▶ _Data excerpts_

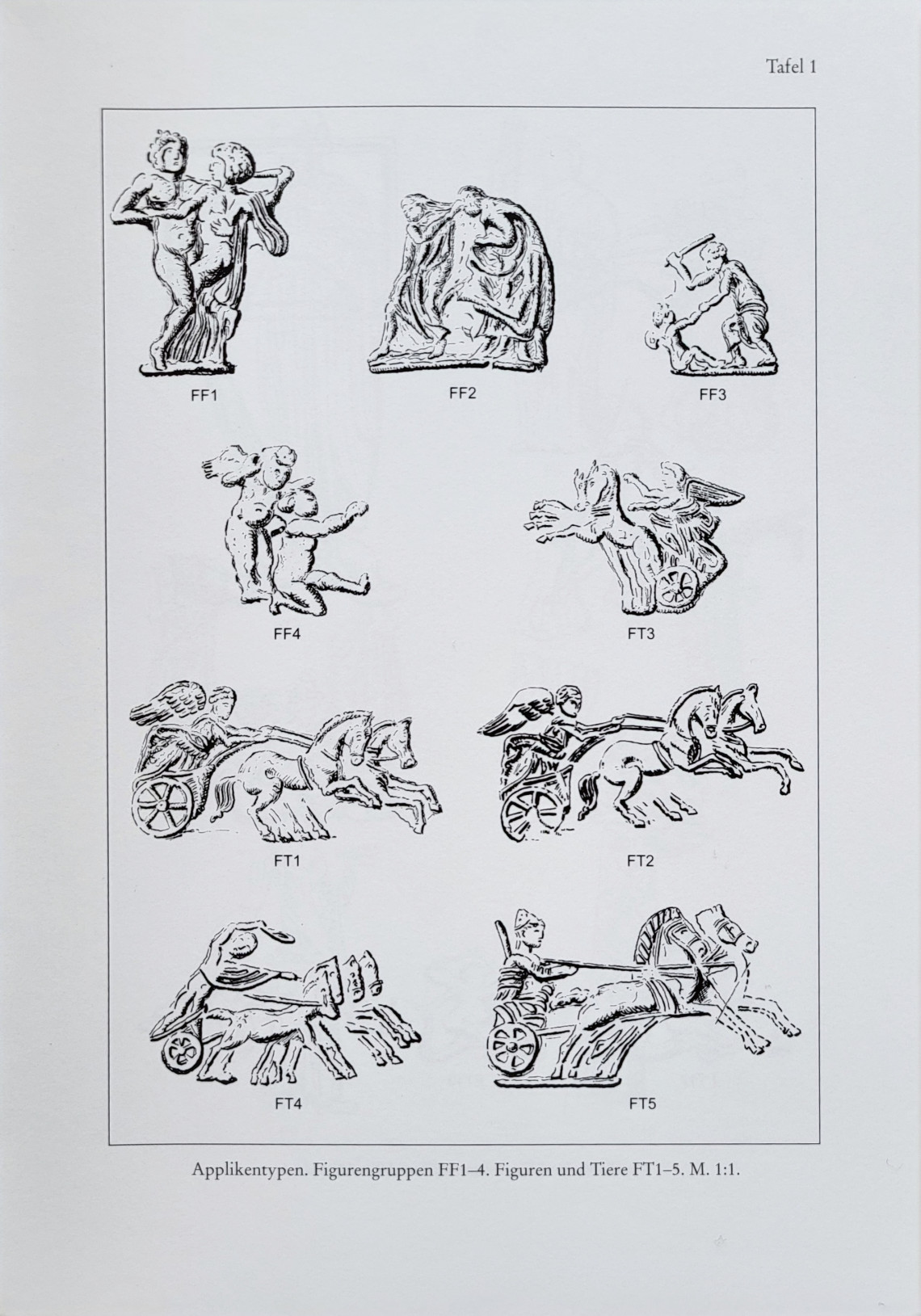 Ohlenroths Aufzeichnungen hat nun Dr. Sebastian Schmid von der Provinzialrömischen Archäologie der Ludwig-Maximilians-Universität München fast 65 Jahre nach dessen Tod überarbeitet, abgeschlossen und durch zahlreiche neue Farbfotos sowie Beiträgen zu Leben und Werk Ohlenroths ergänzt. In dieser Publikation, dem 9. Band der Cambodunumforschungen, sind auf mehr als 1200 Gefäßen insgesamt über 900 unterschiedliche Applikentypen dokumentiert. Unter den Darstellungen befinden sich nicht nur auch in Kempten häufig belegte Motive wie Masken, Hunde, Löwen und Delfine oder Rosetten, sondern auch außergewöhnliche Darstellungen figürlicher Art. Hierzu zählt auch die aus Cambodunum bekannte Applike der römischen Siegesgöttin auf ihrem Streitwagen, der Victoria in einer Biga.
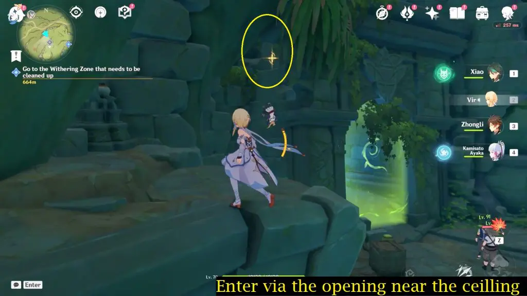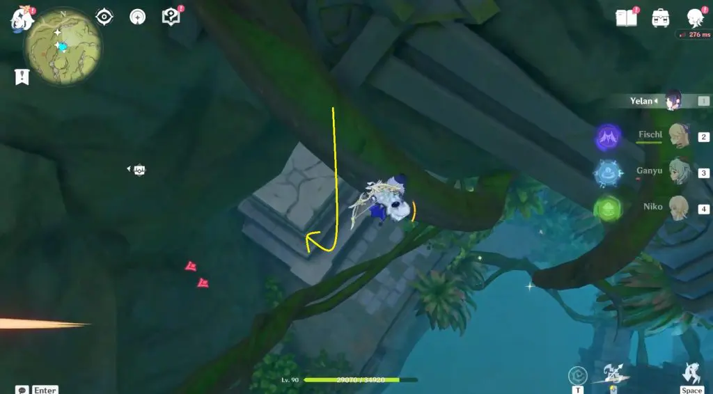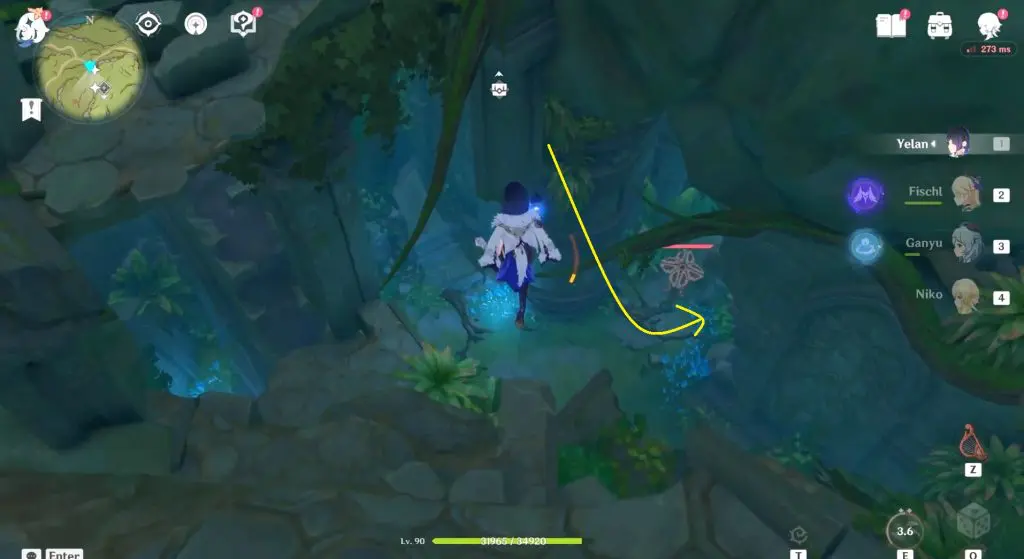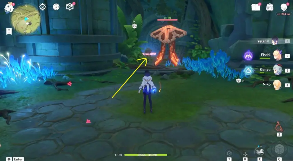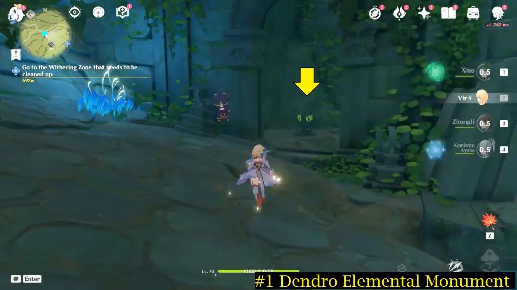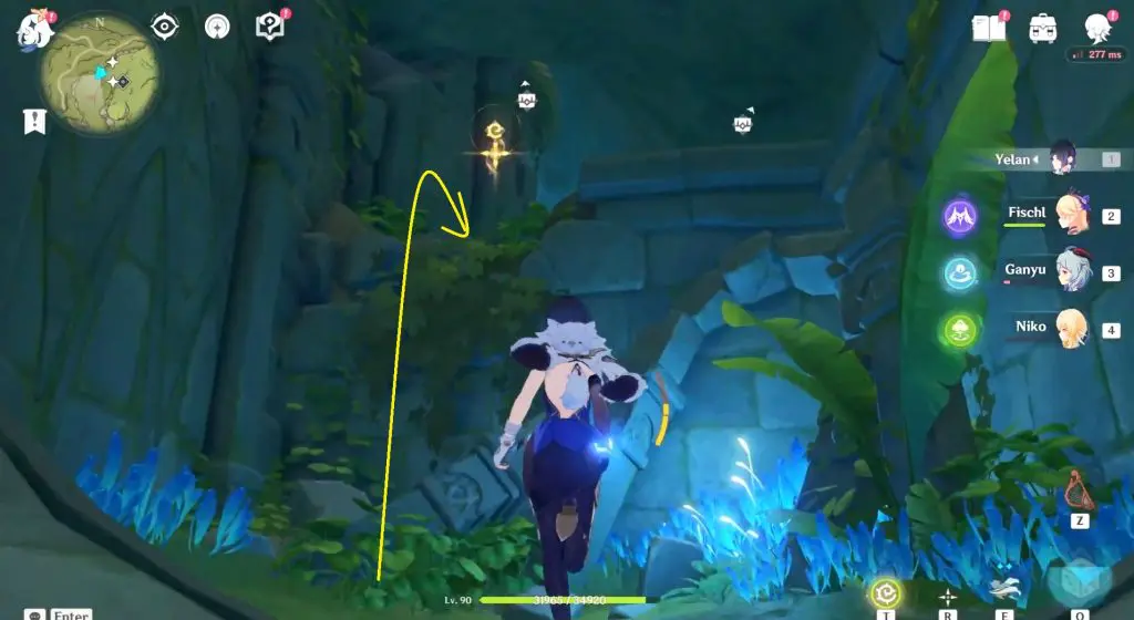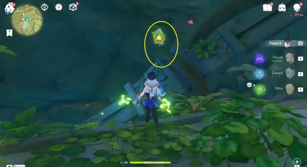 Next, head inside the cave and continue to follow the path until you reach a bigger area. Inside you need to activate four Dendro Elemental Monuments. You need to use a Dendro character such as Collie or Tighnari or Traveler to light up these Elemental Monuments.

...

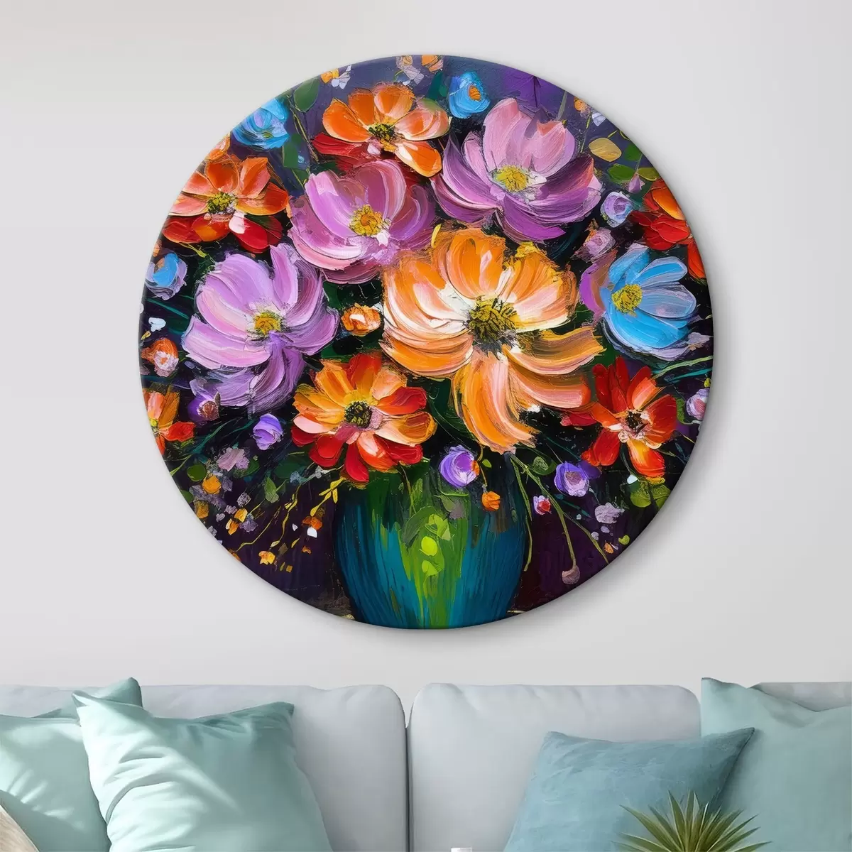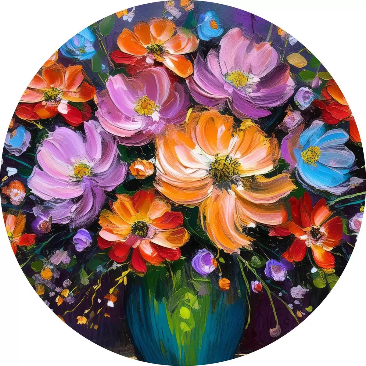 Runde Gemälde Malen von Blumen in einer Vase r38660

▶ _Work item_
The material above holds pictures; leave them out and set down exactly the lines from the line with "Ohlenroths Aufzeichnungen hat" to the line with "Next, head inside", both included.

▶ _Exercise answer_
 Ohlenroths Aufzeichnungen hat nun Dr. Sebastian Schmid von der Provinzialrömischen Archäologie der Ludwig-Maximilians-Universität München fast 65 Jahre nach dessen Tod überarbeitet, abgeschlossen und durch zahlreiche neue Farbfotos sowie Beiträgen zu Leben und Werk Ohlenroths ergänzt. In dieser Publikation, dem 9. Band der Cambodunumforschungen, sind auf mehr als 1200 Gefäßen insgesamt über 900 unterschiedliche Applikentypen dokumentiert. Unter den Darstellungen befinden sich nicht nur auch in Kempten häufig belegte Motive wie Masken, Hunde, Löwen und Delfine oder Rosetten, sondern auch außergewöhnliche Darstellungen figürlicher Art. Hierzu zählt auch die aus Cambodunum bekannte Applike der römischen Siegesgöttin auf ihrem Streitwagen, der Victoria in einer Biga.
 Next, head inside the cave and continue to follow the path until you reach a bigger area. Inside you need to activate four Dendro Elemental Monuments. You need to use a Dendro character such as Collie or Tighnari or Traveler to light up these Elemental Monuments.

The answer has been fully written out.